Students returning to Harvard this fall may encounter the Office for Diversity, Inclusion, & Belonging, whose mission is to “catalyze, convene, and build capacity for equity, diversity, inclusion, belonging, and anti-racism initiatives .” They might wonder at the difference between “catalyzing” and “convening”; they might ask how much equity you could catalyze just by cutting tuition.
“Inclusion” is usually defined as the way you get “diversity,” the concept to which it’s habitually bound. If diversity is a quantifiable metric—of the racial breakdown of a given workplace, for example—“inclusion” is how you put it into practice. As a McKinsey report puts it, inclusion helps to ensure “accountability among managers, equality and fairness of opportunity, and openness and freedom from bias and discrimination.” The airy academic sincerity of the Harvard office’s mission statement and the McKinsey consultant’s methodical specificity exemplify the peculiar range that “inclusion” manages to achieve. It is at once diversity’s whimsical, unmeasurable sibling, a subjective matter of employees’ and students’ feelings and sense of belonging, and a list of human-resources policy proposals, none of which ever seem to involve a labor union, free tuition, or a robust grievance procedure.
It almost makes you think that the point of “inclusion” initiatives spearheaded by managers is that they never have to end. Why, after all, would one expect bosses to ensure accountability for themselves? Here, the contrast with an older synonym, “integration,” is instructive. Integration, as a word and (at least) as an ideal, is opposed by “segregation”; inclusion, by the much less precise concept of “exclusion.” Integrating a segregated institution attacks its raison d’être, which in the United States was to monopolize power, prestige, and wealth for whites. Integrating it therefore should (at least in theory) change it from the ground up. Making an institution more inclusive, however, just means welcoming more people into it in its current form. A more “inclusive” institution only needs to become a better version of itself. It’s something you should want to be a bigger part of.

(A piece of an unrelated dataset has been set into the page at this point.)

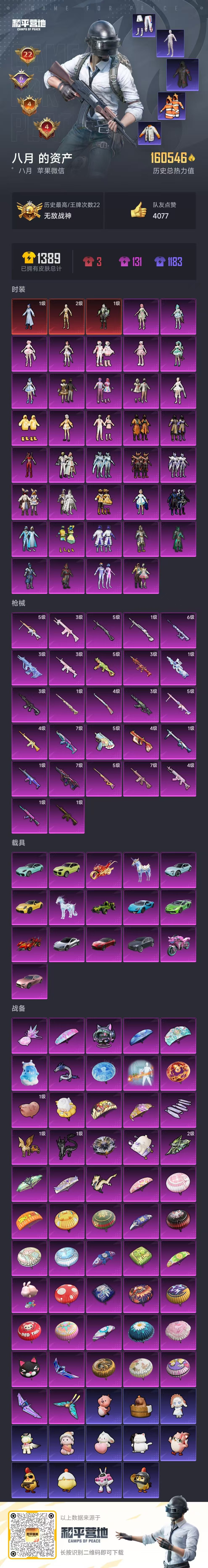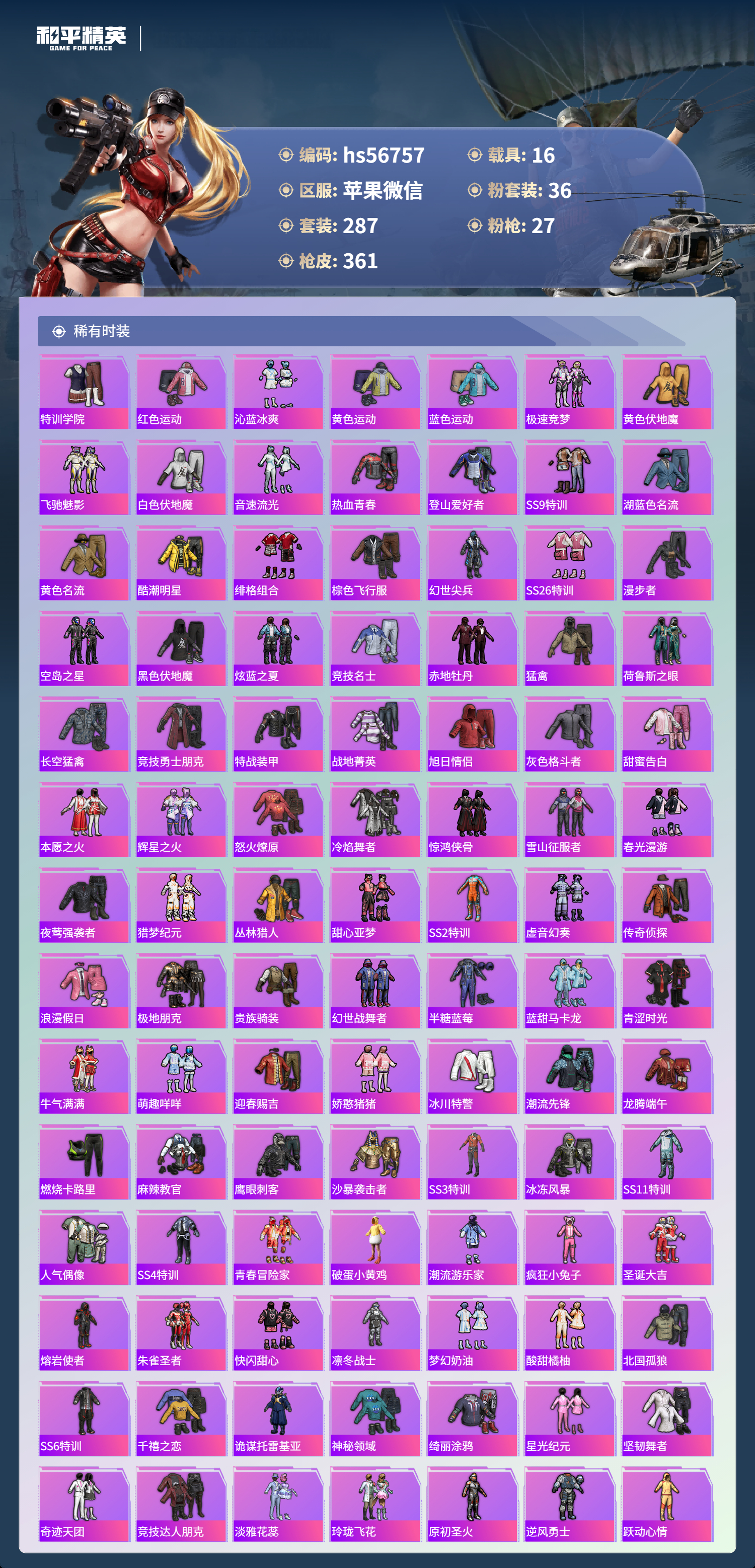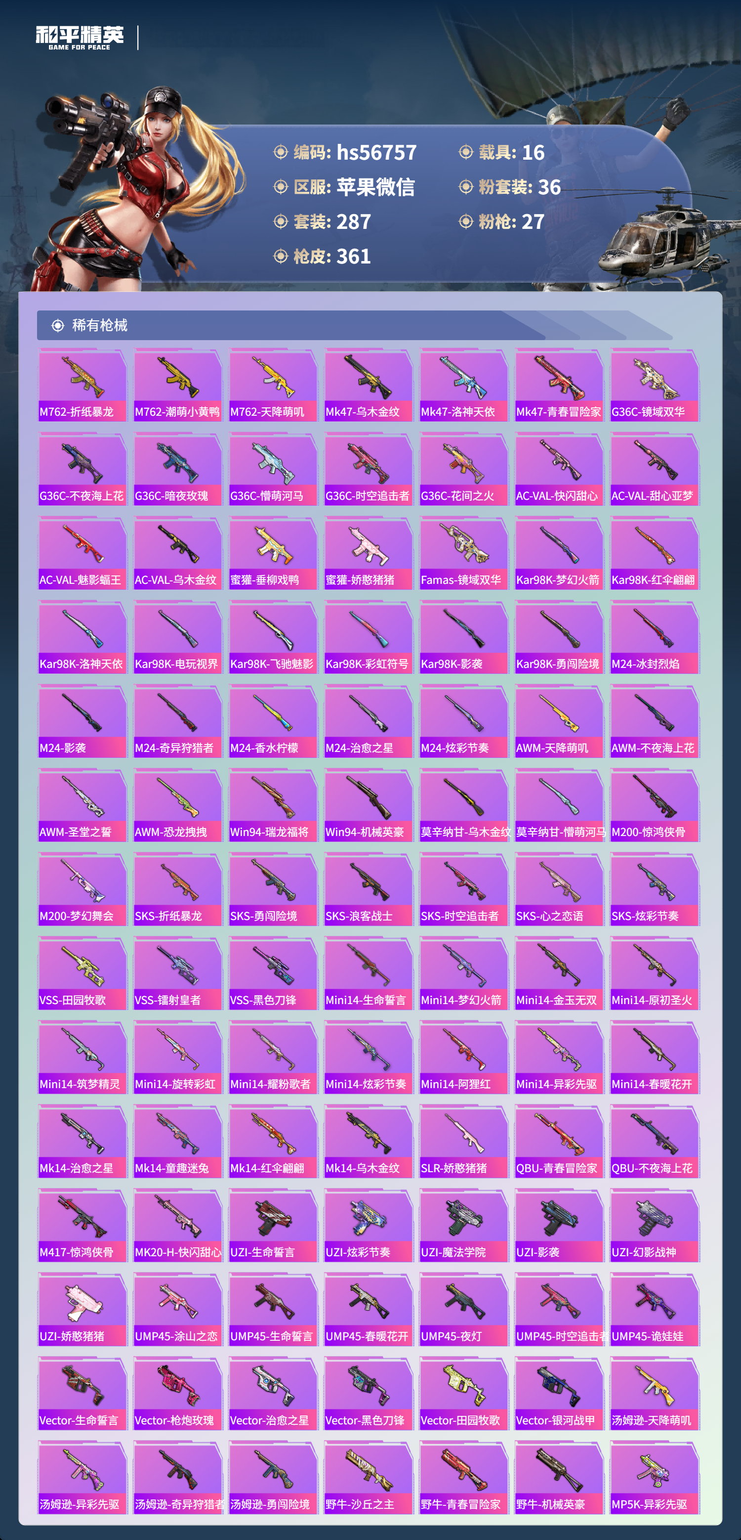 hs56757 苹果微信-23王牌印记-有战神框-3红装-36粉装-27特效枪-16载具-热力值-287套装-361枪皮-6卓越印记-4传奇印记
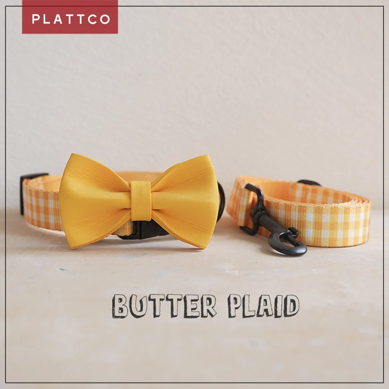 Correa para collar con pajarita para perro PLATTCO diseñada para perros grandes, medianos y pequeños PLAID A BUTTER combina inteligentemente cinta de impresión 5 tamaños PDC307 PDC307

Because it does not often identify a responsible party, or a clear cause of the inequality it seeks to remedy, “inclusion” is an apolitical heir to integration. Exclusion can seem like an accident of history, rather than a product of design, and inclusion more a matter of effectiveness than of justice. The suggestion is that “participation” by necessity yields fairness: It is “exclusion” from state and federal government, the professoriate, and the executive suites, rather than those things themselves, that disempowers.
One of the more laughable examples of “inclusion” rhetoric is the story of Sally, a CIA support officer profiled in Diversity & Inclusion at the CIA, a 2014 report by the agency’s Office of Public Affairs. Sally, explains a capsule biography, exemplifies the unconventional life experience that the agency wants to include: No cosseted daughter of the American gentry, she found “resilience” in a childhood spent in a war zone, where she drove armored trucks before she turned 12. There’s just one problem with the story: Her school of hard knocks was 1970s Rhodesia. While the CIA neglects to mention which side young Sally fought on, we can presume from the accompanying stock photo of a white woman that she fought for white minority rule. When “inclusion” can seem to celebrate survivors of the last dying embers of white colonialism, it’s outlived any usefulness it ever had. A question, for would-be CIA agents and others: Do you really want to be included in this?